The two models represent our hypotheses.

Testing Method


Procedure:

  1. Take sample(s).
  2. Calculate test statistic.
  3. Compare to test probability distribution.
  4. Get p-value.
  5. Compare to critical value.
  6. Accept (or reject) null hypothesis.

Average of differences


Suppose we take two samples from the same population, calculate the difference in their means, and repeat this 1,000 times.

Question: What will the average difference be between the sample means?

Probability of differences


If we convert these differences into a probability distribution, we can estimate the probability of any given difference.

The p-value represents how likely it is that the difference we see arises by chance.

Model of Differences


In classical statistics, we use a model of that distribution to estimate the probability of a given difference. Here we are using \(N(0,\) 0.69\()\), where the probability of getting a difference \(\pm\) 1 mm (\(\pm2s\)) or greater is 0.05.

Rejecting the Null Hypothesis


Question: How do we decide?

Define a critical limit (\(\alpha\))

  • Must be determined prior to the test!
  • If \(p < \alpha\), reject. ← THIS IS THE RULE!
  • Generally, \(\alpha = 0.05\)

Why the critical limit?

Because we might be wrong! But what kind of wrong?

With \(\alpha=0.05\), we are saying, “If we run this test 100 times, only 5 of those tests should result in a Type 1 Error.”

Student’s t-test


We have two samples of projectile points, each consisting of 300 measurements of length (mm).

Question: Are these samples of the same point type? The same population?

The null hypothesis:

\(H_0: \mu_1 = \mu_2\)

The alternate hypothesis:

\(H_1: \mu_1 \neq \mu_2\)

This is a two-sided t-test as the difference can be positive or negative.


Question: Is this difference (-1.82) big enough to reject the null?

A t-statistic standardizes the difference in means using the standard error of the sample mean.

\[t = \frac{\bar{x}_1 - \bar{x}_2}{s_{\bar{x}}}\]

For our samples, \(t =\) -3.61. This is a model of our data!

Question: How probable is this estimate?

We can answer this by comparing the t-statistic to the t-distribution.

But first, we need to evaluate how complex the t-statistic is. We do this by estimating the degrees of freedom, or the number of values that are free to vary after calculating a statistic. In this case, we have two samples with 300 observations each, hence:

df = 530

Crucially, this affects the shape of the t-distribution and, thus, determines the location of the critical value we use to evaluate the null hypothesis.


Summary:

  • \(\alpha = 0.05\)
  • \(H_{0}: \mu_1 = \mu_2\)
  • \(p =\) 0.0003

Translation: the null hypothesis is really, really unlikely.

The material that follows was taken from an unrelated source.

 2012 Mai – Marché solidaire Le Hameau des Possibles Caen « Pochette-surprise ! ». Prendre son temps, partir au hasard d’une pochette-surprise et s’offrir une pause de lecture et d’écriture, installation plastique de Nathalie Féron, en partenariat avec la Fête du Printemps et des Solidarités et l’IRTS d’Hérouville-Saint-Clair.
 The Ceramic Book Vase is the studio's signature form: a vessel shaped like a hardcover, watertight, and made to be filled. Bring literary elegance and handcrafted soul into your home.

So, there must be some difference in the mean!

ANOVA


We have five samples of points, each consisting of 100 measurements of length (mm).

Question: Are these samples of the same point type? The same population?

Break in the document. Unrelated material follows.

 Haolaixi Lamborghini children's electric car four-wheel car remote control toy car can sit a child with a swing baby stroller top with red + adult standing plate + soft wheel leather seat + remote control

Analysis of Variance (ANOVA) is like a t-test but for more than two samples.

The null hypothesis:

\(H_0:\) no difference between groups

The alternate hypothesis:

\(H_1:\) at least one group is different

Variance Decomposition. When group membership is known, the contribution of any value \(x_{ij}\) to the variance can be split into two parts:

\[(x_{ij} - \bar{x}) = (\bar{x}_{j} - \bar{x}) + (x_{ij} - \bar{x}_{j})\]

where

  • \(i\) is the \(i\)th observation,
  • \(j\) is the \(j\)th group,
  • \(\bar{x}\) is the between-group mean, and
  • \(\bar{x_{j}}\) is the within-group mean (of group \(j\)).

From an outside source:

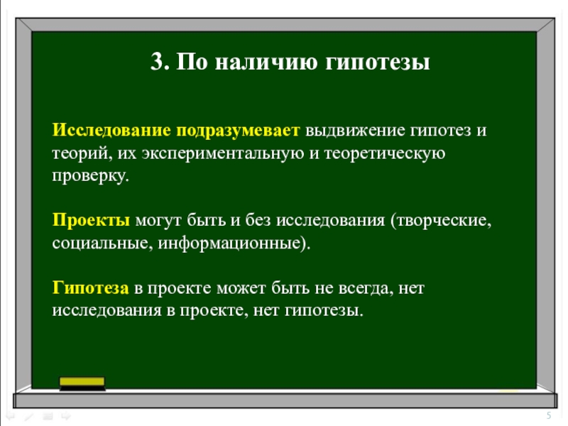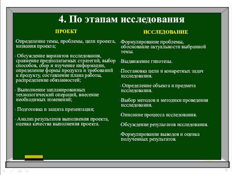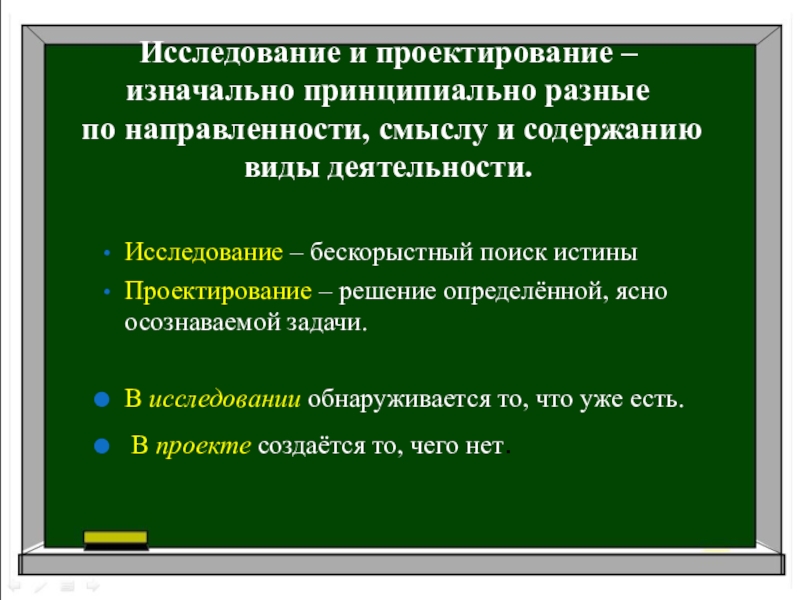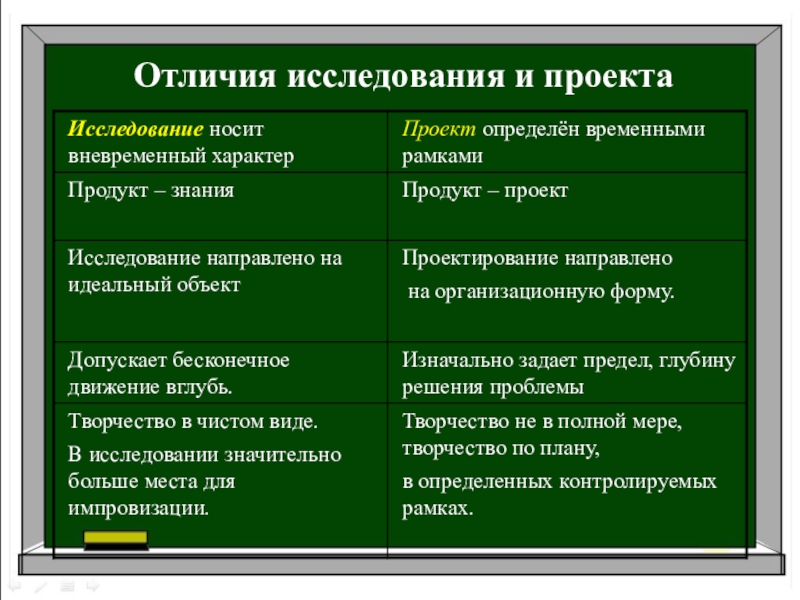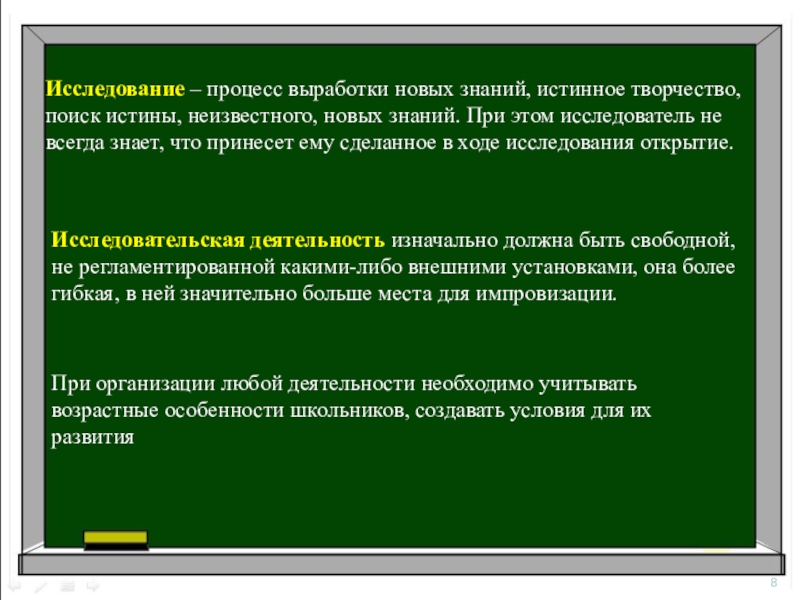 Исследовательская деятельность изначально должна быть свободной, не регламентированной какими-либо внешними установками, она более гибкая, в ней значительно больше места для импровизации.

Sum and square the differences for all \(n\) observation and \(m\) groups gives us:

\[SS_{T} = SS_{B} + SS_{W}\]

where

  • \(SS_{T}\): Total Sum of Squares
  • \(SS_{B}\): Between-group Sum of Squares
  • \(SS_{W}\): Within-group Sum of Squares

Ratio of variances:

\[F = \frac{\text{between-group variance}}{\text{within-group variance}}\]

where

  • Between-group variance = \(SS_{B}/df_{B}\) and \(df_{B}=m-1\).
  • Within-group variance = \(SS_{W}/df_{W}\) and \(df_{W}=m(n-1)\).

Question: Here, \(F=\) 5.63. How probable is this estimate?

We can answer this question by comparing the F-statistic to the F-distribution.


Summary:

  • \(\alpha = 0.05\)
  • \(H_{0}:\) no difference
  • \(p=\) 0.003

Translation: the null hypothesis is really, really unlikely, so there must be some difference between groups!